It is not a very good reason not to give the police better surveillance
technology.

Crime victimizes more people than police forces in the US do. I'm not saying
that means LEOs don't victimize people; they do. I'm not saying that means we
should turn a blind eye to police abuse; we should not. But when we do
risk/reward calculations, we need to keep in mind that the greater ambient
threat is of crime, not police abuse. Sometimes, the police will ask for
things that tip the scale the other direction. But we have to make a case for
how; we can't just assume it.

Keep in mind: I'm one of the people laughing and cheering at the guy in the
video saying "no thanks, no, I won't be pulling into secondary screening" at
the CBP checkpoints; I've given to the ACLU. Surveillance is scary. It's just
not _intrinsically_ bad; it's bad in a context-dependent way.

------
DanielBMarkham
Read an interesting column the other day that pointed out that in Washington
there's plenty of bipartisanship -- when it comes to creating the security
state. Not so much for other things. Paul ended up taking a hit from all sides
on his mini-filibuster. And it was a rather odd assortment of politicians that
supported him.

I'm glad the AG saw fit to answer after six weeks, and it looks like Paul is
happy with the answer -- for now. This type of thing is a hall of mirrors,
though. What defines "combat"? Were the Americans targeted in Africa
participating in combat?

Supporters of Paul will say that he's only following the questions, that the
administration is stonewalling. Supporters of the administration (and the
Republican status quo) will say that such questions do not deserve answers. So
here we are.

Bit of a sidebar: I honestly feel that these libertarian themes are going to
play a big role in politics over the next few years. I feel so strongly I
created a blog yesterday to summarize libertarian-oriented news and commentary
to record how it all plays out <http://freedom-or-safety.com/blog/>

Note: we should also be clear about the larger picture. A senator, who is
charged with overseeing the "architecture" of the government, asked an
executive department official for some clarity on an issue. After six weeks he
received it and is happy with it. There's nothing binding here. He just got an
opinion on how things are currently being interpreted. The president is
perfectly able to re-interpret the law in a different way tomorrow if he
chooses. In fact, one of the reasons for asking the question it to determine
whether additional legislation binding the executive is required.

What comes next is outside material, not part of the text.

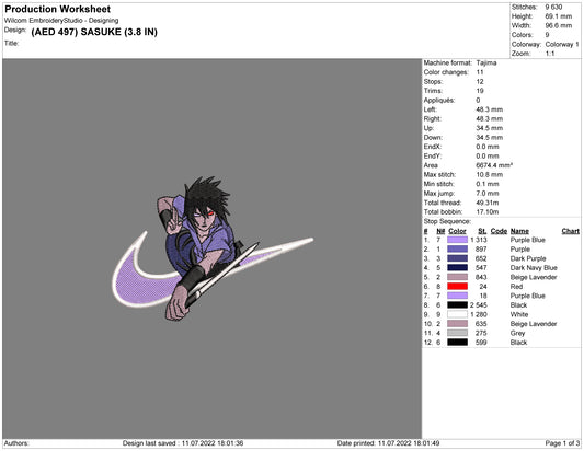 Sasuke Uchiha Swoosh v6 Embroidery Design Files - 4 Sizes

There's a much longer post here about terms and language and how we got here.
The Congress authorized the president to take any necessary action against
terrorists. Either that authorization has to end, or we need a very fine-
grained examination of just what that language means, perhaps with more
instructions from Congress. In either case, in my mind this is the normal
thing that Congress should be doing.

The question is answered. The issue is not settled, and that's fine.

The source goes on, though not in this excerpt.